The diagnosis of YARS1 deficiency is established in a proband with suggestive findings and biallelic pathogenic variants in YARS1 identified by molecular genetic testing.

Management.

Treatment of manifestations: Multidisciplinary care by specialists in relevant fields including developmental pediatrics, pediatric neurology, gastroenterology, hepatology, pulmonology, medicine, kidney disease, otolaryngology and audiology, ophthalmology, low vision services, hematology, endocrinology, social work, and clinical genetics.
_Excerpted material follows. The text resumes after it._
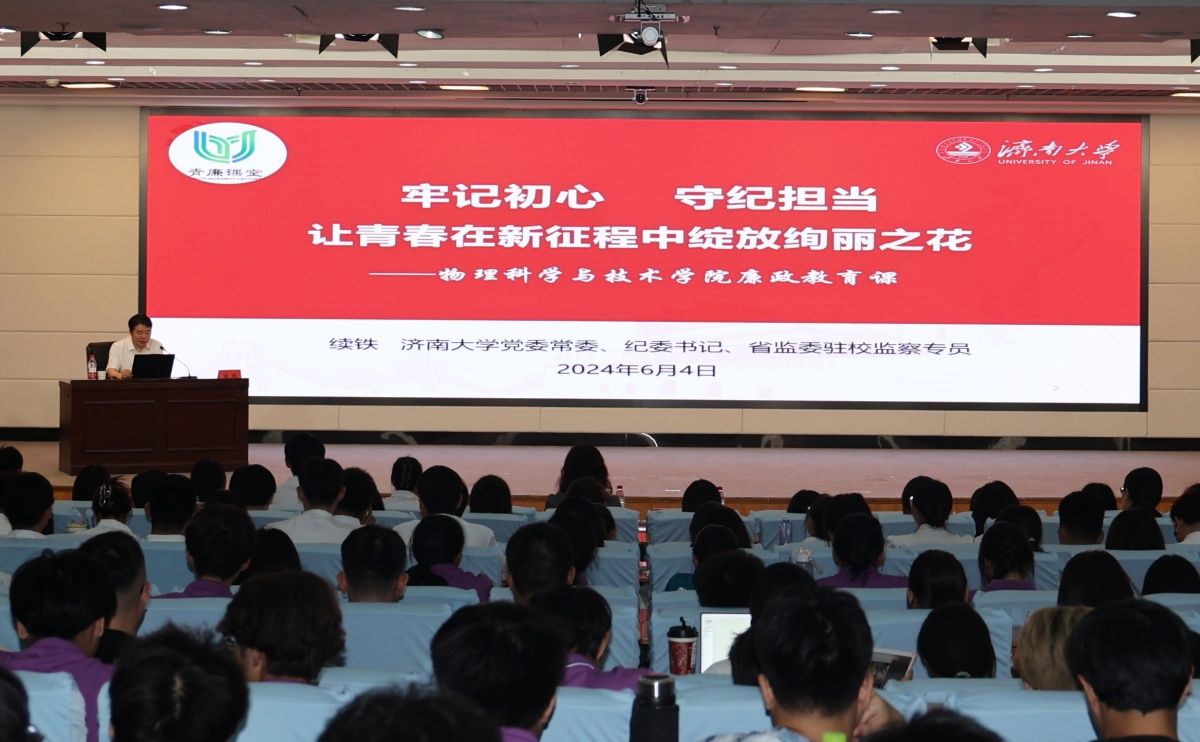 为深入学习领会习近平总书记关于党纪学习教育的重要讲话和重要指示精神,进一步推进党纪学习教育走深走实,教育引导广大师生涵养自律精神,教育毕业生党员扣好廉洁的“第一粒扣子”。6月4日,学校党委常委、纪委书记、省监委驻永利yl23411官网监察专员续铁以《牢记初心守纪担当,让青春在新征程中绽放绚丽之花》为主题,在第一学术报告厅为物理科学与技术学院学生党员、入党积极分子讲授党纪学习教育暨毕业生廉洁教育专题党课,党课由学院党委书记丛菡菡主持。

General recommendations for urgent treatment of acute episodic illnesses include: increase protein intake (up to 2-2.5 g/kg/day), avoid prolonged fasting, aggressively treat fever with antipyretics, and provide appropriate steroid coverage for individuals with known adrenal insufficiency.

Surveillance: Routinely scheduled visits with treating specialists.
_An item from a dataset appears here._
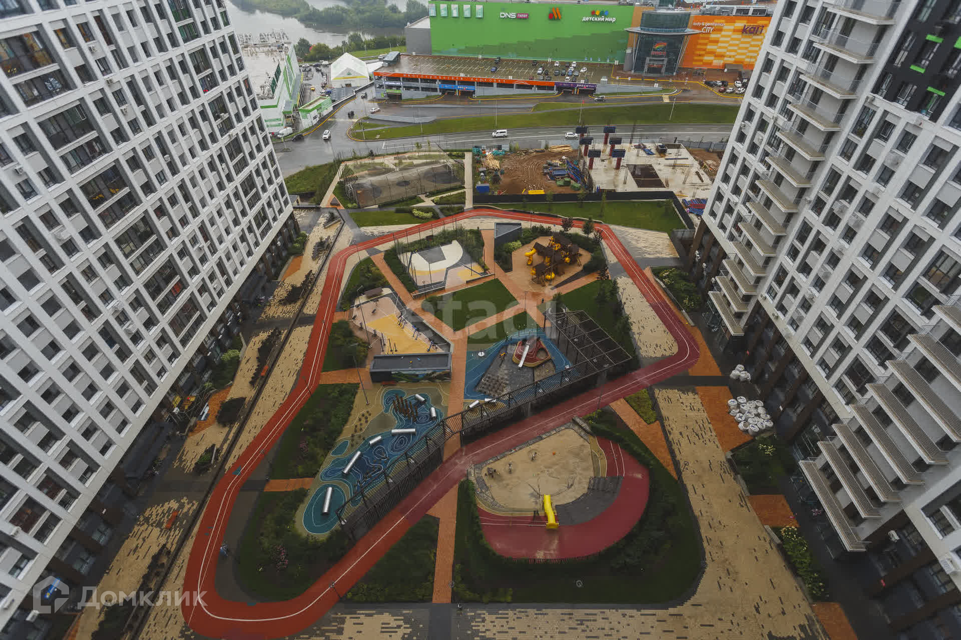 Pядом с домом, строят Гимназию, окна выходят прям на нее, ребенка можно отправлять в школу самостоятельно, так же строят детский сад и поликлинику.

Agents/circumstances to avoid: Catabolism and insufficient protein intake (i.e., less than 1.5-2 g/kg/day) and prolonged fasting given the increased risk of hypoglycemia.

Genetic counseling.

YARS1 deficiency is inherited in an autosomal recessive manner. If both parents are known to be heterozygous for a YARS1 pathogenic variant, at conception each sib of an affected individual has a 25% chance of being affected, a 50% chance of being a carrier, and a 25% chance of inheriting neither of the familial YARS1 pathogenic variants. Once the YARS1 pathogenic variants have been identified in an affected family member, carrier testing for at-risk relatives and prenatal/preimplantation genetic testing are possible.

Suggestive Findings

YARS1 deficiency should be considered in probands with the following clinical and imaging findings and family history.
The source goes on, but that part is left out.